Mr. Clavon has not had this relief. Sam Hussein, a housing counselor at the nonprofitClearpoint Credit Counseling Solutions, who has been trying since February to help Mr. Clavon modify his loan, said that even for his eligible clients, lenders have agreed to modifications only about half the time — “and then it’s usually on the lender’s terms,” with payments often increased, at least temporarily, he said.

Amid the wreckage, though, option ARMs have been a boon for some borrowers. Gary Kopff, 64, a retired financial manager, took an option ARM on his Washington home in 2006, increasing his balance to $1.2 million from $800,000. Mr. Kopff chose the minimum payments so that all of his payments were interest, allowing him the greatest tax deduction, and because he had no desire to pay off his home.

But a surprising thing happened. His rate went down.

Mr. Kopff’s rate is tied to a figure called the London interbank offered rate, or Libor, a measure of the rates banks charge one another to borrow money. As the 30-day Libor fell to less than one half of 1 percent, the rate on Mr. Kopff’s loan fell below 3 percent.

Now, though he is still making only the minimum payments, he is actually paying down his balance.

“In 2009 I found out I have a 2.5 percent mortgage,” Mr.

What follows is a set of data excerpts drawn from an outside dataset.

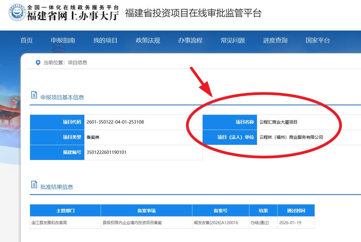 海西房产网(微信公众号:fjhxfcw)消息:福建省投资项目在线审批监管平台发布信息显示,“云程汇商业大厦项目”已于2026年1月19日取得县级权限内企业境内投资项目备案,批准结果信息为办结(通过)。
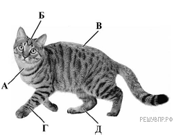 Установите соответствие между частями тела кошки, обозначенными буквами (А–Д) на рисунке, и их названиями.
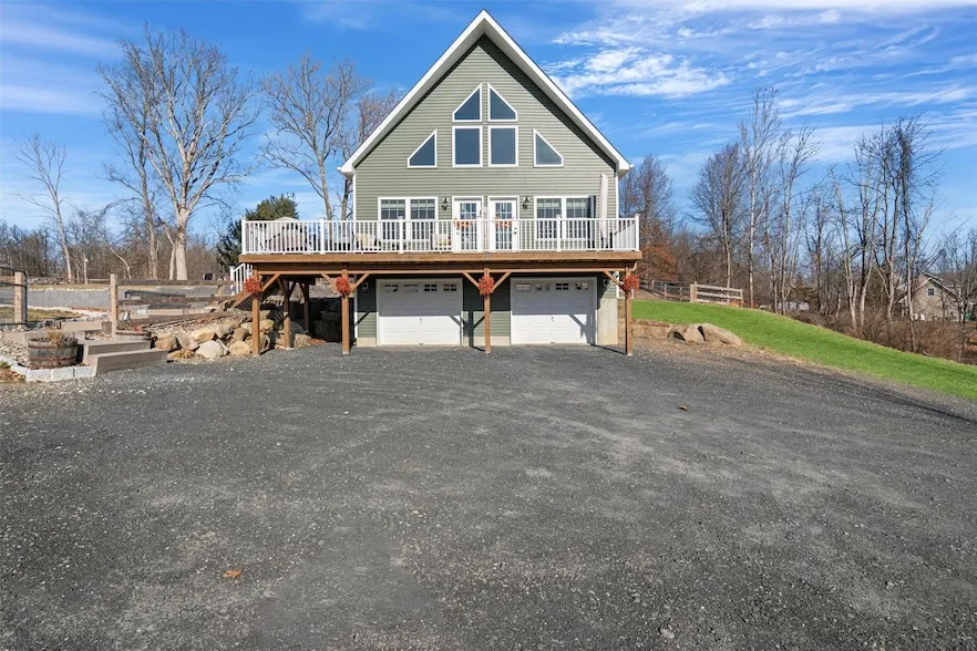 Young Contemporary Chalet on a Private 3+ Acre Wooded Lot! This stunning contemporary chalet offers the perfect blend of modern living and serene retreat! Nestled on over three acres of wooded privacy, the home is set back from the road, providing a tranquil escape while remaining conveniently located near schools, shopping, major highways, Stewart International Airport, hospitals, and transportation options, including Metro-North to New Jersey and New York City. The home features 4 bedrooms, 3 full baths, and an open-concept design with vaulted ceilings, exposed wrapped beams, and gleaming hardwood floors. At the heart of the living space is a wood-burning stone fireplace, creating a warm and inviting atmosphere. The gourmet kitchen is a chef s dream, showcasing a tiled backsplash, granite countertops, stainless steel appliances, and a peninsula with breakfast bar seating that seamlessly flows into the dining and great rooms, making it ideal for entertaining. The primary suite serves as a private sanctuary, complete with a tray ceiling, walk-in closet, and a spa-like ensuite bath featuring a double vanity, walk-in shower, and frameless glass doors. Two additional bedrooms, a full bath, and a convenient laundry area complete the main level. Upstairs, a versatile loft overlooks the great room, offering stunning exterior views, and is accompanied by a fourth bedroom and another full bath perfect for guests or a private home office. The lower level provides access to a two-car garage, a separate exterior entrance, and a partial basement with an egress window, offering 800+/- square feet of potential additional living or recreational space. Outdoor living is just as impressive, with a large entrance deck, a beautiful stone patio, and a fenced yard, perfect for relaxation or entertaining. A newly constructed 1,200-square-foot pole barn (built in 2023) adds versatility for extra storage or workshop needs. Modern comforts include central air conditioning and energy-efficient spray foam insulation, ensuring year-round comfort. Situated in the sought-after Minisink Valley School District, this property is also close to the recreational and cultural amenities of the Hudson Valley, making it a truly exceptional find. Schedule your private tour today and click the Virtual Tour link to explore additional photos, floor plans, and videos showcasing the beauty and convenience of this remarkable property.
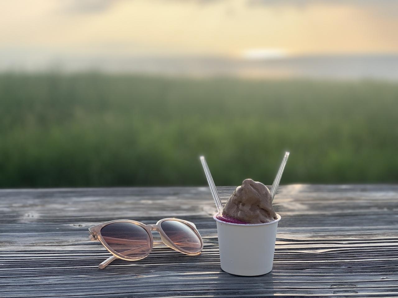 ジェラートを食べた後も、外でしばらくぼんやりしていました。 -
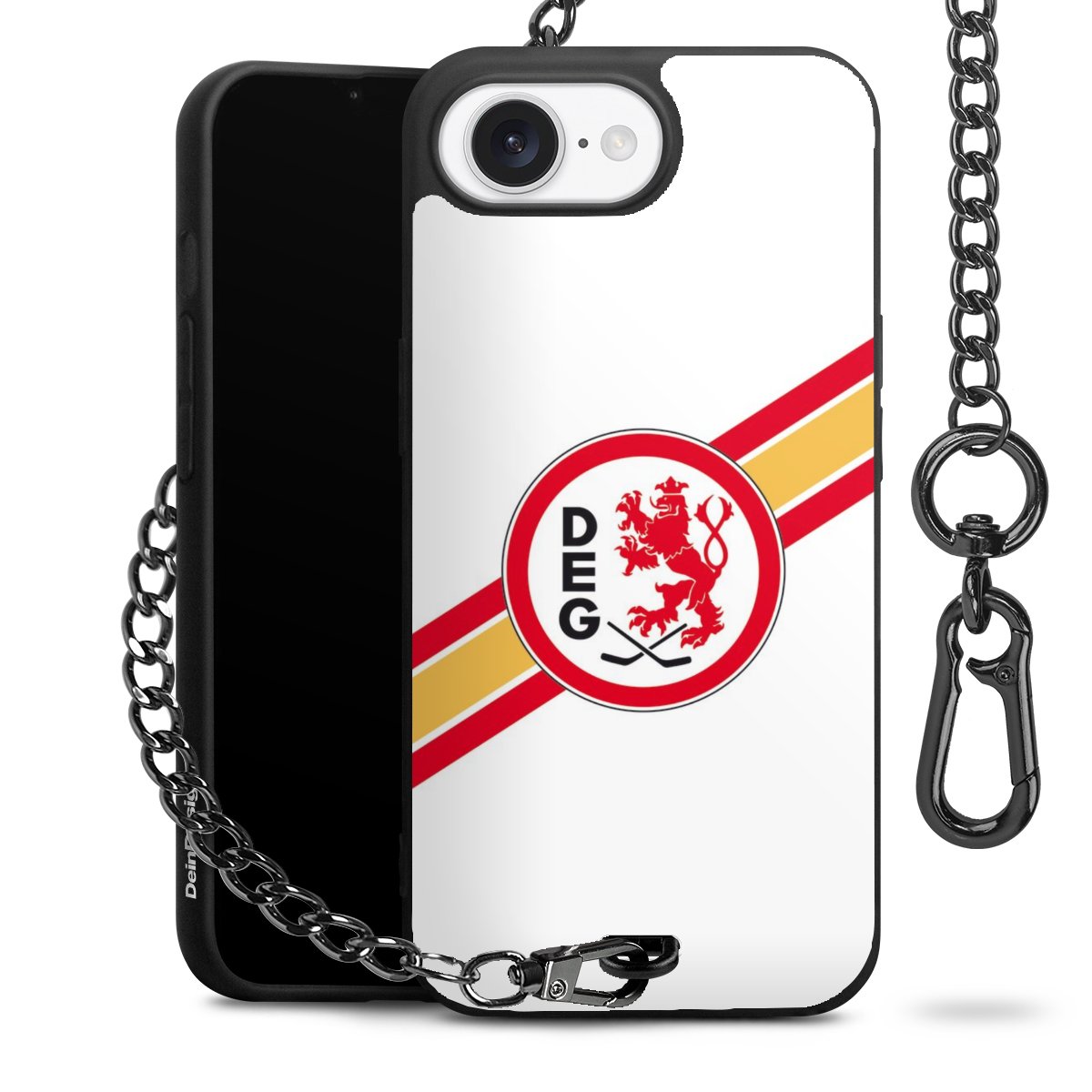 Die mattschwarze Silikon-Handyhülle besteht aus robustem TPU (thermoplastisches Polyurethan). Sie ist flexibel und schützt Dein Smartphone vor Stößen und Kratzern. Die Kette sowie der Karabinerhaken sind aus Metall in Gunmetal-Optik gefertigt. Für dieses Produkt kommen ausschließlich TÜV-geprüfte Materialien zum Einsatz.
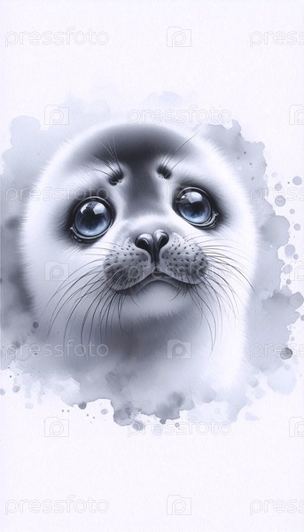 Cute Seal Pup акварельный арт-принт, Ai A generated image
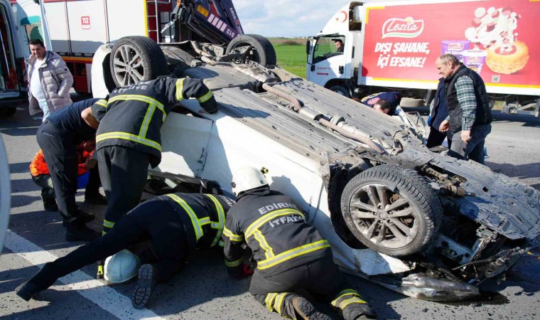 Edirne’de kontrolden çıkan otomobilin takla attığı kazada araç içinde sıkışan sürücü itfaiye ve sağlık ekiplerinin müdahalesiyle kurtarıldı.
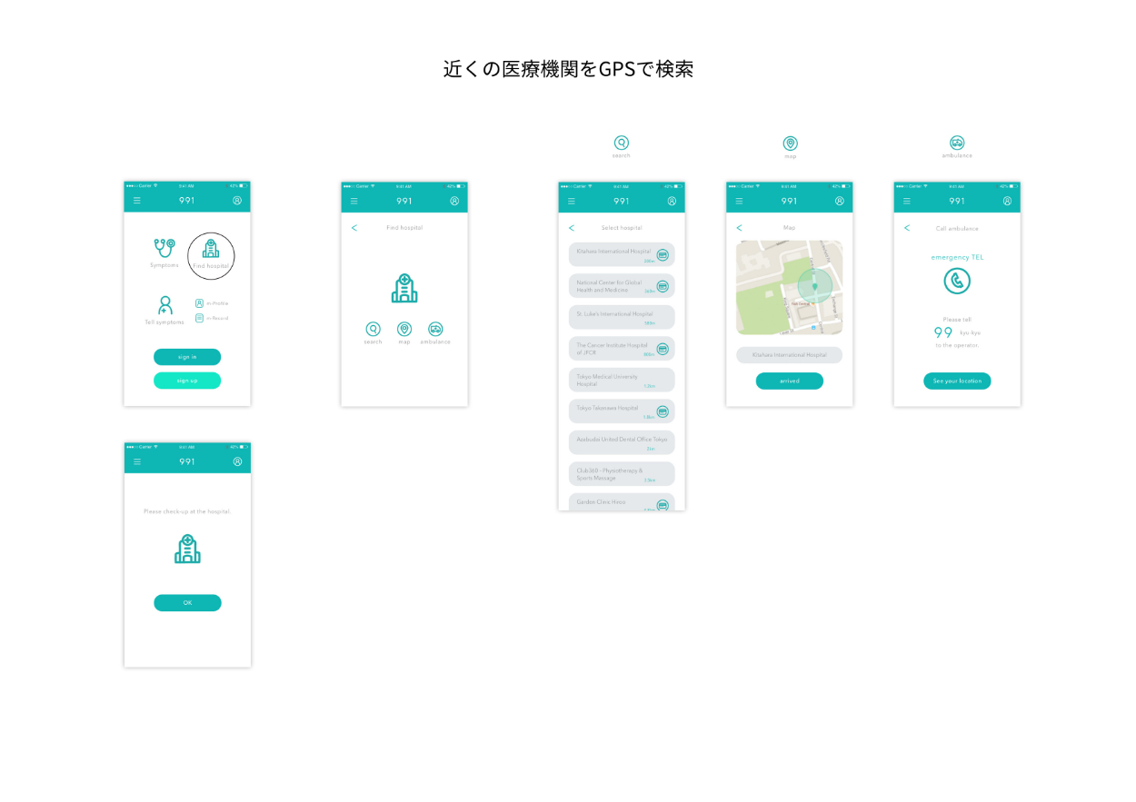 救急受診アプリ 991 / Plannning, UI design
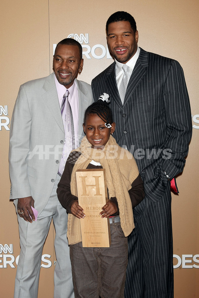 2007年12月6日、ニューヨークにある米自然史博物館(American Museum of Natural History)で行われた、全世界へと生中継で放送される「CNN Heroes: An All-Star Tribute」のバックステージでポーズをとる、受賞者の%%Wesley Autrey%%(左)、娘の%%Shuqui Autrey%%(中央)、NFL、ニューヨーク・ジャイアンツ(%%New York Giants%%)のマイケル・ストレイハン(%%Michael Strahan%%)。(c)AFP/Getty Images Scott Gries
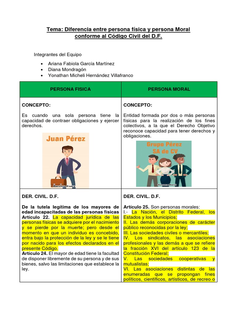 Diferencias Entre Personas Fisicas Y Morales Feva Ruma
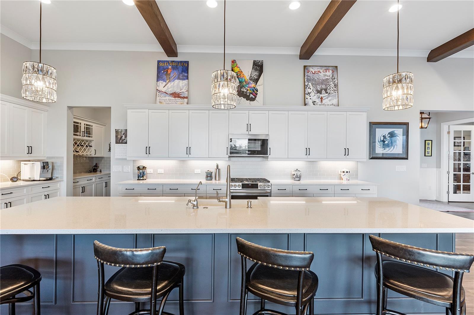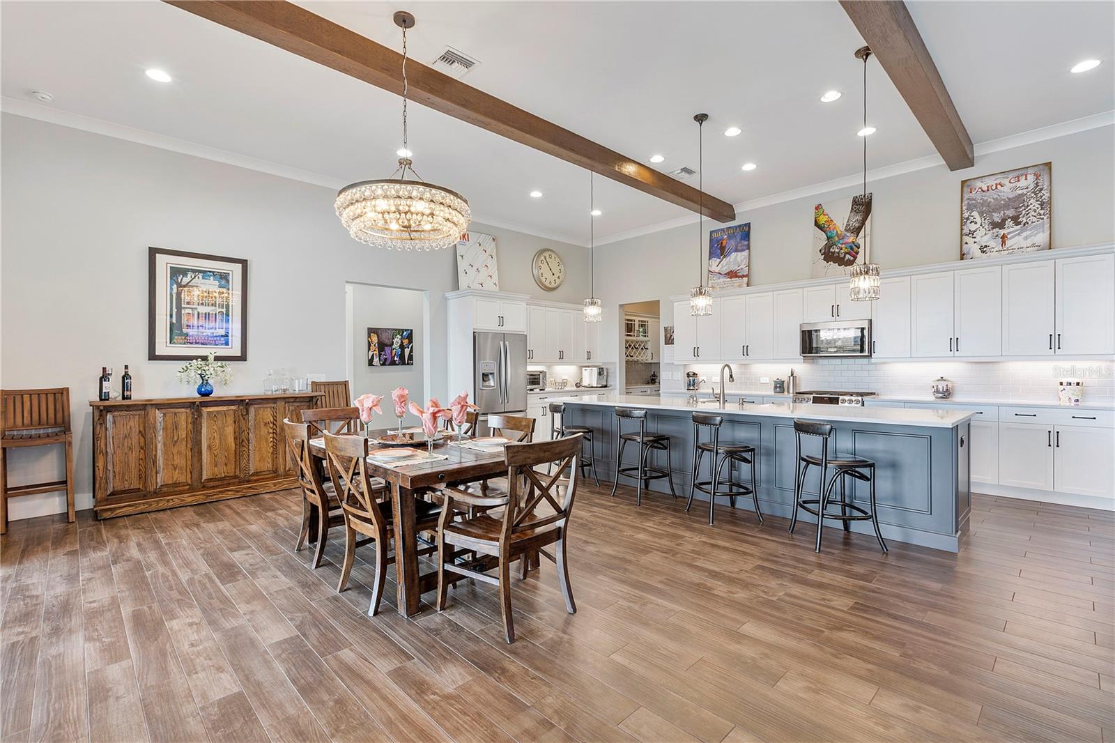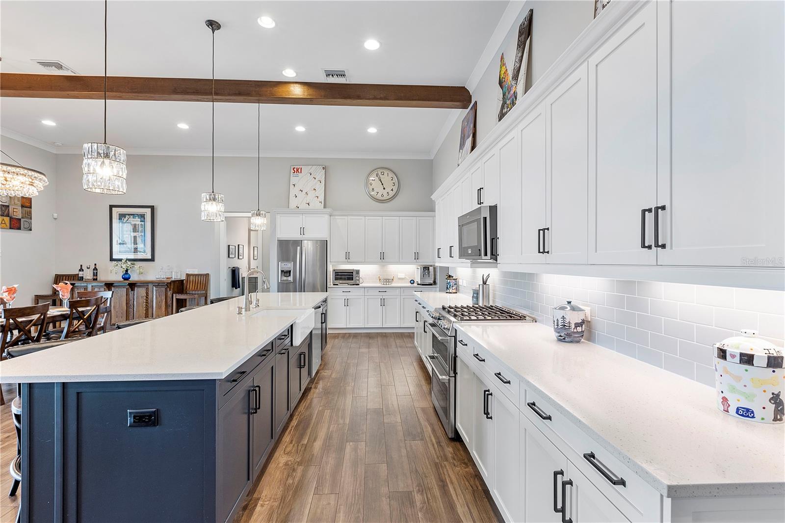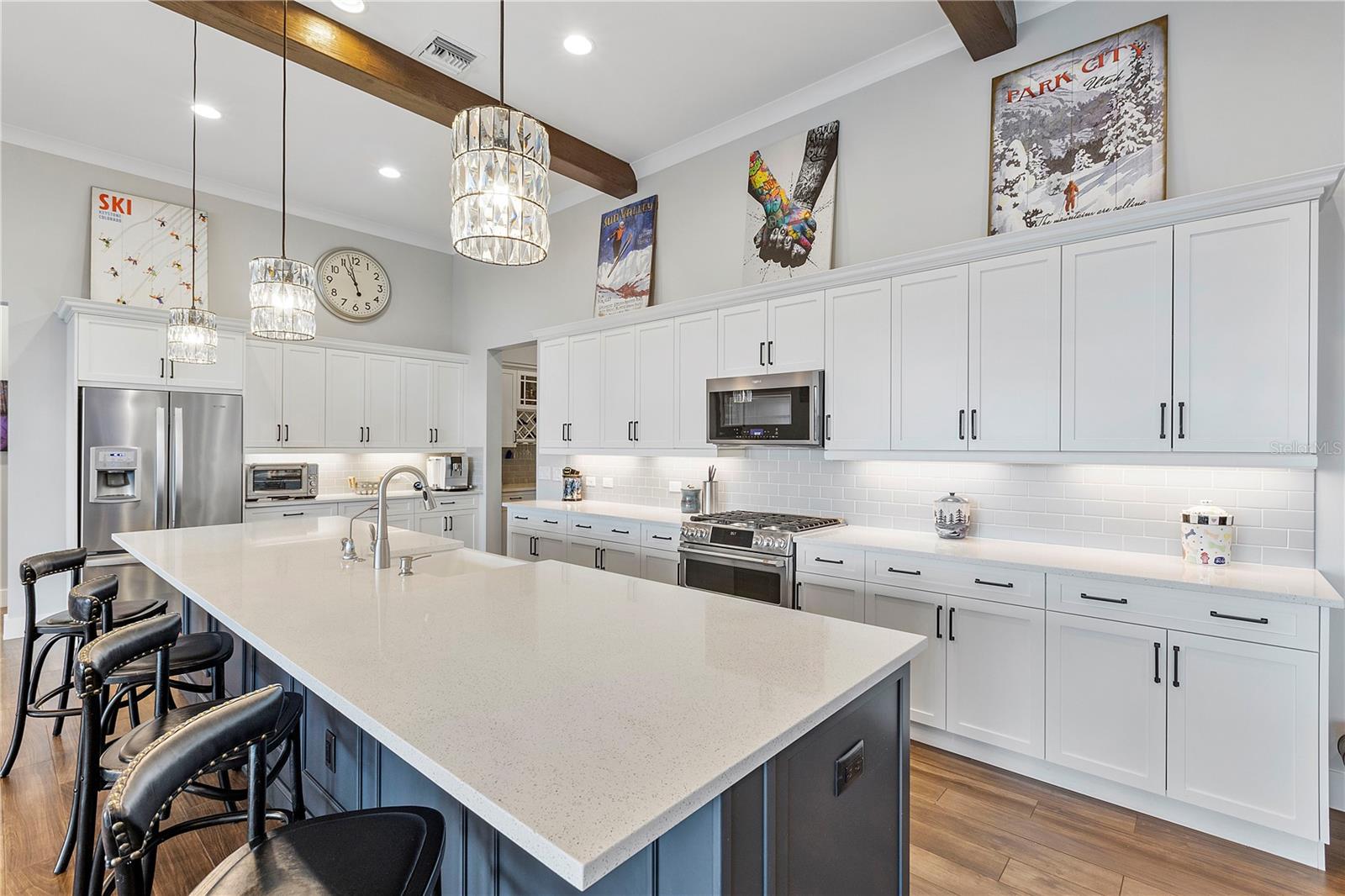 Welcome to your dream home in Babcock Ranch! This stunning single-family home features 4 bedrooms, two and a half baths, and a three-car+ garage. The home is equipped with a solar array on the roof, which powers two EV charging stations and includes two Tesla Powerwalls. The in-ground pool with a spa is perfect for relaxing and entertaining, while the waterfront location offers serene views and a peaceful atmosphere. Inside, you'll be impressed by the supersized quartz countertops, expanded surfaces, extra cabinetry, upgraded stainless steel appliances, and wood-like plank tile flooring in the main living areas. The great room boasts a beamed volume ceiling, creating a spacious and inviting atmosphere—perfect for entertaining. The master bedroom suite serves as a true retreat, featuring a custom bath with a separate shower and custom closets for added luxury. From the bedroom, step outside to the enlarged panoramic screened lanai, complete with a custom outdoor kitchen—ideal for enjoying the Florida sunshine year-round. With impact windows throughout, you can rest easy knowing your home is protected during inclement weather, while remote-controlled Storm Smart roll-down screens provide additional protection. This home boasts countless upgrades, making it truly desirable. Walk to Founders Square, where you can enjoy markets, entertainment, food trucks, art fairs, family movies, and more. The square also features a wellness center, restaurants, and other amenities coming soon on Bee Street. Babcock Ranch has gained worldwide recognition for withstanding storms, and its sustainability has attracted homeowners from all over. Don't miss your chance to own this exceptional property in Babcock Ranch—schedule a showing today and make this house your forever home!

Kopff said. “That’s not onerous by any standards.”

But even for Mr. Kopff, the future has some storm clouds. Interest rates are rising again. When he took out the loan, he planned to refinance into a 30-year fixed mortgage before the reset, but now few banks are refinancing loans his size.

“I’m better off than a great deal of mortgage holders,” he said. “But what looks like a good deal today may not look so good in a few years.”